To put this into perspective, TalkTalk received a £400,000 fine in 2016 for security failings that allowed hackers to access customer data; constituting a data breach. While £400,000 sounds like a lot of money, it has been calculated that under GDPR, this figure would have been £59 million.
"GDPR isn't just about financial penalties, but this analysis is a reminder that there will be significant commercial impacts for organisations that fall foul of the regulations.
"Businesses should have already started preparations for GDPR by now. Most organisations will have to fundamentally change the way they organise, manage and protect data. A shift of this size will need buy-in from the board."
Roger Rawlinson, Managing Director of NCC Group’s Assurance Division
The key is in the transparency and flexibility. Making sure that anyone signing up to a mailing list, becoming a member of your website or even the process of buying a ticket has full provision of what exactly they are signing up to. And, the option not be included in anything - as the default option. Gone are the days of sneaky little checkboxes in size 4 font, pre-checked, agreeing for someone to sell their soul to your mailing list.
One majorly important thing about this is that GDPR works retrospectively - it will apply to all of the data you currently hold about all of the people. So your time best spent between now and May 2018 is going to be in gaining that consent from your current list
Basically, you need to be telling people what you’re collecting about them, how you’re going to use that information and in what way you’re going to communicate with them - and you’ll need their permission to do all of those things.
The key thing is not getting caught up in the panic around fines and non-compliance. While they are there to make sure people are in line with legislation to protect personal data, it’s a great opportunity to reconnect with your database and use it as a means to increase the quality of your data.
Giving people the ability to actively engage with your festival’s marketing means that they are more likely to become a paying customer later down the line. Send a communication out to them in a completely transparent way; let them know why you are contacting them in the meantime and then gain their consent for you to continue interacting with them. The knock on effect that this has is that you get to weed out those that are either uninterested in your events or those that aren’t preferable to being contacted by email - why not chuck in a question to ask them how they would prefer to be contacted?

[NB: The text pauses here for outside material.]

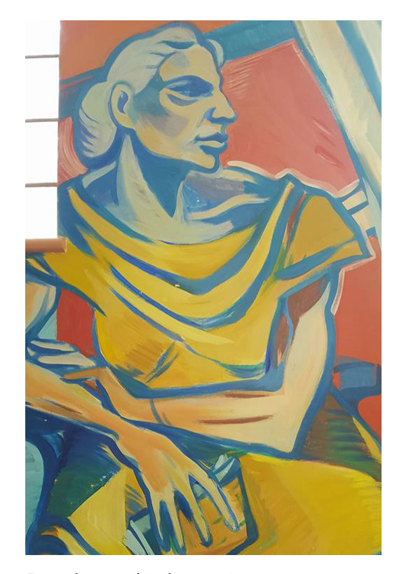
From the mural in the meeting room of Four Sisters Housing Co-operative, Vancouver

More than 130 Agency clients to date have attended an Agency presentation that explains what changes and what remains the same when an operating agreement concludes. As much as possible, we try to deliver the presentation in partnership with a co-operative housing federation to emphasize that ongoing assistance will continue to be available from that quarter.

Turning this into a positive, then, GDPR can actually shape up to be an opportunity to find out much more about your potential customer base. Building up a festival-goer persona can be greatly influenced by how a person actually prefers to be contacted rather than just what they want to be contacted about. This will allow you to tailor the promotion of your event to them in a more personalised way than ever before.
Another aspect that you need to take into consideration is how your website is going to allow the transparency required by GDPR legislation. Setting up the subscription centres, how the opt-in checkboxes and statements are going to work and the way that this will affect your website and marketing are going to be massive for all businesses going forward.
Getting ready early for this is absolutely paramount. Even if this means planning for an event or festival much further in advance than you would usually it is better to do this and allow time for GDPR preparation than be non-compliant come May 2018. The Information Commissioner's Office (ICO) have put together a very handy 12-page document to help you get prepared for GDPR.
One of the early steps that the ICO recommend is running an audit on what current data your company is holding, how it is holding it and whether this could be potential for a breach moving forward
“Implementing the GDPR could have significant resource implications, especially for larger and more complex organisations. You may find compliance difficult if you leave your preparations until the last minute.”
The Information Commissioner’s Office
With so many things to take into consideration, you need to start to think about the main point of contact for attendees and your festival when looking for info, signing up to mailing lists and buying tickets. What will this user journey look like? Do you want to be in contact with them at each stage? If yes - you will need consent and this will need to be mapped not only in the design of your website but also the entire marketing plan put together.